• [TASK TO CARRY OUT] Please set down the data word for word; images do not go in the copy.

• [DATA PROVIDED]
==========

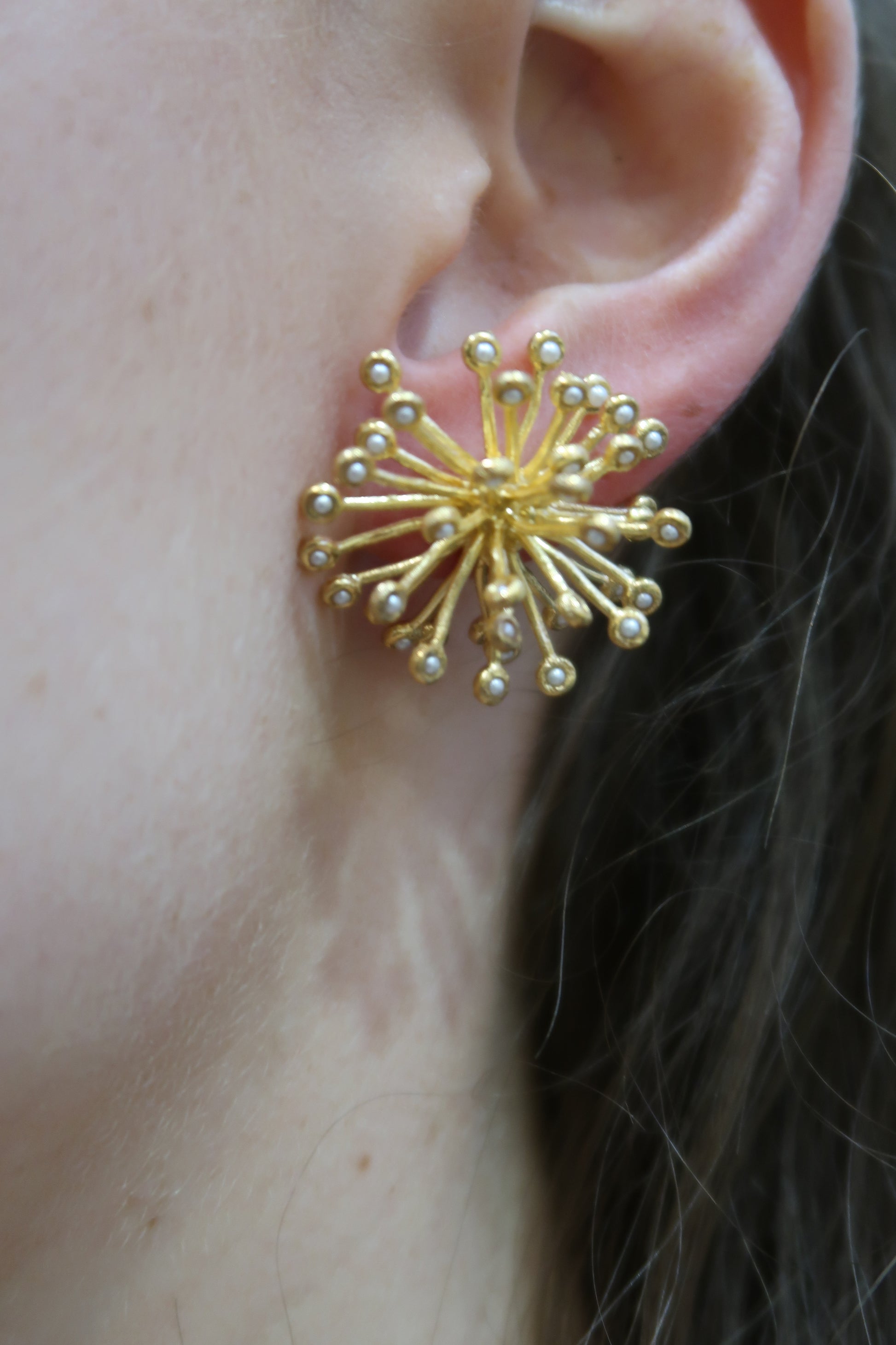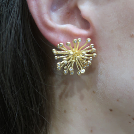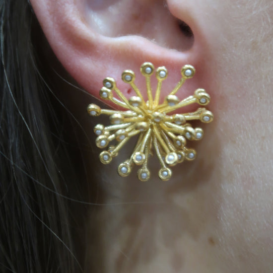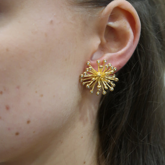 The Polen Pearl Earrings from Joanna Laura Constantine are a striking blend of bold design and delicate detailing. Each earring features a sculptural, three-dimensional dome accented with radiating gold spikes, creating a dramatic, modern silhouette. At the tip of every spike sits a tiny pearl, adding a soft, luminous contrast to the edgy form and highlighting the brand’s signature balance of femininity and statement style.
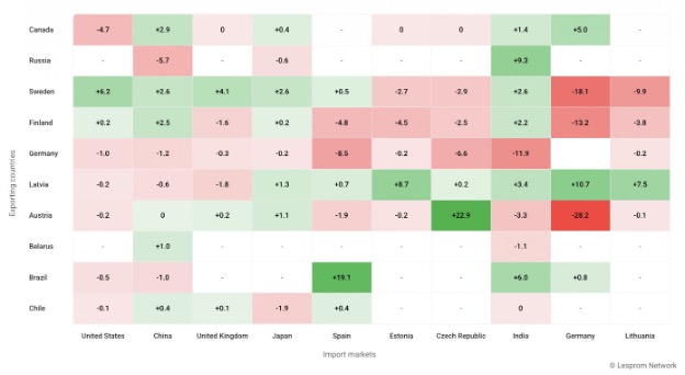 러시아는 중국 시장에서도 입지를 잃었습니다. 중국의 침엽수 제재목 수입 시장에서 러시아의 점유율은 전년 대비 5.7%포인트 하락한 반면, 캐나다는 2.9%포인트, 스웨덴은 2.6%포인트 점유율을 확대했습니다. 핀란드 또한 중국 시장에서의 점유율을 2.5%포인트 늘렸습니다. 중국의 수요 여건은 여전히 부진한 모습을 보였습니다. 국가 통계국 (National Bureau of Statistics) 데이터에 따르면, 2026년 2월 부동산 투자는 전년 동기 대비 10% 감소했으며, 상업용 주택 판매는 14%, 주택 신축은 23% 각각 감소했습니다. 스웨덴은 그 밖의 여러 주요 수입 시장에서 입지를 강화했습니다. 영국의 경우 점유율이 4.1포인트, 일본에서는 2.6포인트 상승했습니다. 전년 대비 변동 추이는 대체로 월별 추세와 일치합니다. 월간 데이터 또한 캐나다가 미국과 중국 시장에서의 점유율을 잃고 있는 반면, 다수의 유럽 공급업체들은 주요 시장 전반에 걸쳐 완만한 증가세를 기록했음을 보여줍니다.
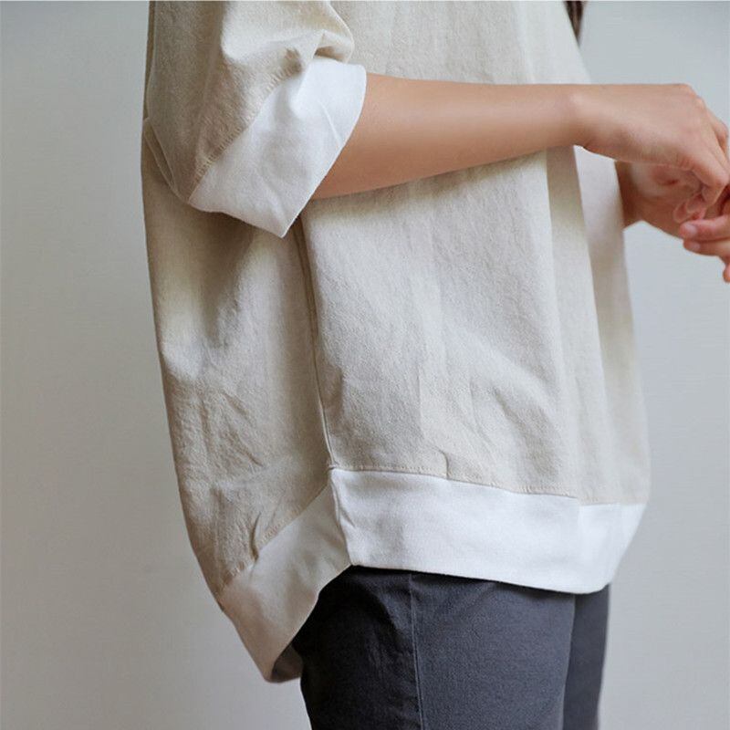 新品 七分袖カットソー レディース 麻 ゆったり Tシャツ 7分袖 Tシャツ レディース トップス コットンリネン 7分 半端丈 綿麻 プルオーバー カットソー レディース 7分袖 ラグランスリーブ ナチュラル ロンT 春 キナリ kkkhla | オキナ商店
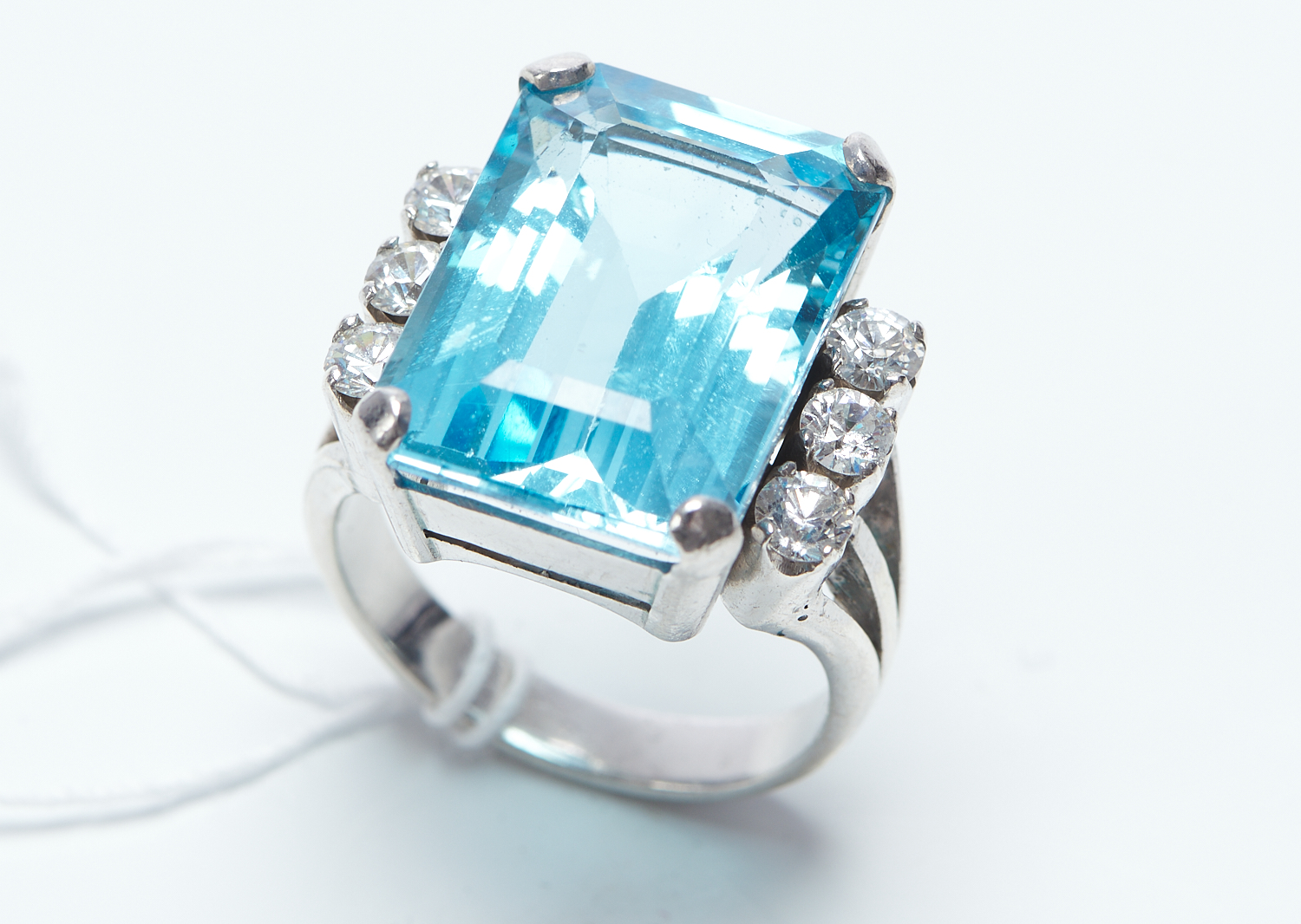 A BLUE TOPAZ AND CUBIC ZIRCONIA COCKTAIL RING IN STERLING SILVER, RING SIZE N-O

==========

• [EXERCISE ANSWER]
 The Polen Pearl Earrings from Joanna Laura Constantine are a striking blend of bold design and delicate detailing. Each earring features a sculptural, three-dimensional dome accented with radiating gold spikes, creating a dramatic, modern silhouette. At the tip of every spike sits a tiny pearl, adding a soft, luminous contrast to the edgy form and highlighting the brand’s signature balance of femininity and statement style.
 러시아는 중국 시장에서도 입지를 잃었습니다. 중국의 침엽수 제재목 수입 시장에서 러시아의 점유율은 전년 대비 5.7%포인트 하락한 반면, 캐나다는 2.9%포인트, 스웨덴은 2.6%포인트 점유율을 확대했습니다. 핀란드 또한 중국 시장에서의 점유율을 2.5%포인트 늘렸습니다. 중국의 수요 여건은 여전히 부진한 모습을 보였습니다. 국가 통계국 (National Bureau of Statistics) 데이터에 따르면, 2026년 2월 부동산 투자는 전년 동기 대비 10% 감소했으며, 상업용 주택 판매는 14%, 주택 신축은 23% 각각 감소했습니다. 스웨덴은 그 밖의 여러 주요 수입 시장에서 입지를 강화했습니다. 영국의 경우 점유율이 4.1포인트, 일본에서는 2.6포인트 상승했습니다. 전년 대비 변동 추이는 대체로 월별 추세와 일치합니다. 월간 데이터 또한 캐나다가 미국과 중국 시장에서의 점유율을 잃고 있는 반면, 다수의 유럽 공급업체들은 주요 시장 전반에 걸쳐 완만한 증가세를 기록했음을 보여줍니다.
 新品 七分袖カットソー レディース 麻 ゆったり Tシャツ 7分袖 Tシャツ レディース トップス コットンリネン 7分 半端丈 綿麻 プルオーバー カットソー レディース 7分袖 ラグランスリーブ ナチュラル ロンT 春 キナリ kkkhla | オキナ商店
 A BLUE TOPAZ AND CUBIC ZIRCONIA COCKTAIL RING IN STERLING SILVER, RING SIZE N-O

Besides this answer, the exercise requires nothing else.